For me, I think planks running sideways in a hallway look funny. So I'd go with the second image.


----------



## samiller1980 (Oct 25, 2008)

not to argue with jlhaslip, when I first looked at your diagram I also immediatly thought first option due to the direction your joists would be running, however because it is a laminate floor and would be floating and would not be tying joists together anyway that was a moot point. Trust me, I just finished a job laying hardwood in a living room, hallway and bedroom not 3 weeks ago. and with the boards running like option 2 even when entering a bedroom looks very nice.


----------



## vsheetz (Sep 28, 2008)

kaypee65 said:


> For me, I think planks running sideways in a hallway look funny.
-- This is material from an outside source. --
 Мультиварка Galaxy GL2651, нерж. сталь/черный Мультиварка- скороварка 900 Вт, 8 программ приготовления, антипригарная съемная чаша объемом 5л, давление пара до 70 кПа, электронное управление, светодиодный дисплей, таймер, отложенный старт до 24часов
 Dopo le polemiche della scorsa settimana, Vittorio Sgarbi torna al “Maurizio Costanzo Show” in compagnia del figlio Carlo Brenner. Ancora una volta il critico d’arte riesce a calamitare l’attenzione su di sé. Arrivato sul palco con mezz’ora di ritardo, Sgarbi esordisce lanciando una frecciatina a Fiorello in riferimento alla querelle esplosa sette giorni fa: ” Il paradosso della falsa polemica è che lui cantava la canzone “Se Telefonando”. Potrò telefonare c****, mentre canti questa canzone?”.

So I'd go with the second image.


I agree with the reasoning - #2 gets my vote.


----------



## freeswimmin (Jan 23, 2010)

samiller1980 said:


> I think that your best bet asthetically is going to be your second option. The bedroom and loft would look fine either way however your hallway would appear more narrow if you went with option 1.
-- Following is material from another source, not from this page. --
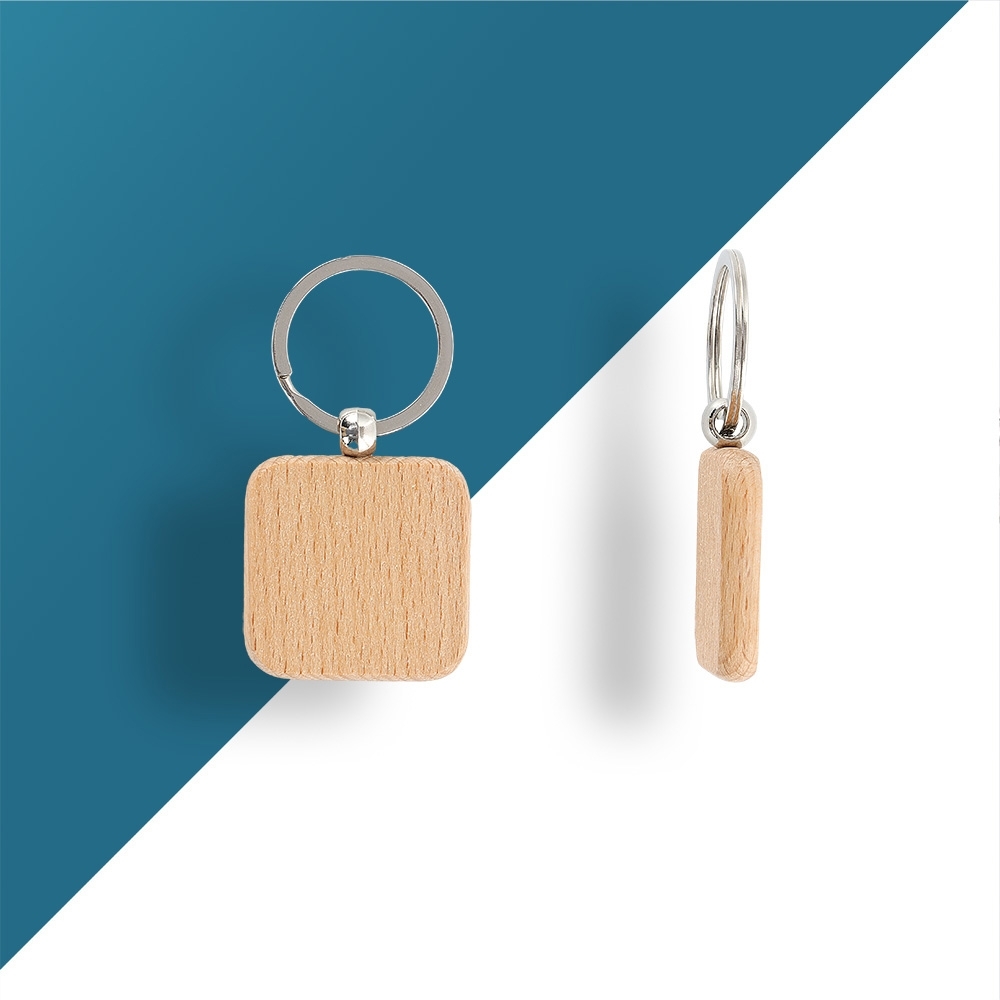 Descrição: Chaveiro em madeira com formato quadrado.

Xs2... scenario #2 works best for all the spaces. and at the bedroom door you can easily install a piece of the engineered flooring with the rabbit towards the room to accept the tenons of the perpendicular boards and run the other direction in there, or even a threshold if you need to separate it a bit more... but hall and loft should def. be #2


----------



## RegeSullivan (Dec 8, 2006)

When I walk into a home that has any plank style flooring running parallel to the joist it looks "wrong". Some times I can't figure what doesn't look "right" about the room at first but after a few minutes it hits me... The floor goes the wrong way...

Rege


----------



## yummy mummy (Sep 11, 2006)

I have hardwood flooring throughout all of my upstairs including the bedrooms, and I would definitely go with the first one.

That is how mine was done.

You want the look of the flooring to flow from one room to the other.

In my opinion the second one does not allow for that. Then again, you can do it however you want, you have to look at it.


----------